Audit Cosmos and Runway artifact download, retention, content-type, and URL-expiration paths.
Ensure signed URL query strings never reach events, manifests, logs, reports, or issue bundles.
Add fixture coverage for expired artifacts, unsupported media, failed task states, and download retry exhaustion.
Document first recovery steps for each provider.

Out of scope:

No hosted artifact store.
No automatic media upload service.
No broad media provider expansion.

Acceptance criteria:

[ ] Both providers document artifact lifetime assumptions and first triage command.
[ ] Parser and provider-error tests cover expired URL, unsupported artifact, failed polling, and malformed response cases.
[ ] Run manifests preserve artifact digests or safe local paths, not signed remote URLs.
[ ] Benchmark inputs for generate and transfer stay separate and reproducible.

Validation:

uv run pytest tests/test_cosmos_provider.py tests/test_runway_provider.py tests/test_remote_video_providers.py tests/test_observability.py
uv run python scripts/generate_provider_docs.py --check
uv run mkdocs build --strict

WF-A8: Build The Provider Live-Smoke Evidence Registry¶

Problem: prepared-host smoke results are currently preserved per run, but maintainers need a single lightweight registry that records which optional providers have recent evidence and which were skipped.

Scope:

Define a docs-backed or generated registry for live-smoke evidence entries.
Record provider, capability, command, runtime manifest, date, version, status, artifact path, skip reason, and known limitations.
Keep the registry safe to publish by default.
Link the registry from provider docs and release evidence.

Out of scope:

No CI job that requires credentials, GPUs, checkpoints, or paid APIs by default.
No uploading of raw artifacts or secrets.
No claims that smoke evidence is a benchmark.

Acceptance criteria:

[ ] Registry entries validate against a small schema.
[ ] Missing optional runtime and credential skips are first-class statuses.
[ ] Release evidence can include the registry without manual copy-paste.
[ ] Docs explain how to attach sanitized run manifests to provider issues.

Validation:

uv run pytest tests/test_live_smoke_evidence.py tests/test_smoke_run_manifest.py
uv run mkdocs build --strict

Stream B: Evaluation Evidence And Claim Integrity¶

Meta tracker: WF-B0: Evaluation Evidence And Claim Integrity.

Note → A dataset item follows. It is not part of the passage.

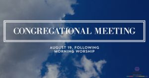 On Sunday, August 19, immediately following the worship services there will be a brief congregational meeting for the purpose of...

Goal: turn evaluations and benchmarks into reproducible evidence, not loose quality claims. The framework can provide deterministic contract signals, preserved artifacts, budgets, and comparison tools. It should not imply physical fidelity or provider superiority without evidence.

Exit signal:

Evaluation and benchmark outputs carry provenance, fixture identity, budget context, and claim boundaries.
Public docs have a claim-to-evidence map that names supported, unsupported, and deferred claims.
Release evidence can be generated from preserved artifacts without credentials.
Failures and regressions are inspectable, not hidden behind aggregate scores.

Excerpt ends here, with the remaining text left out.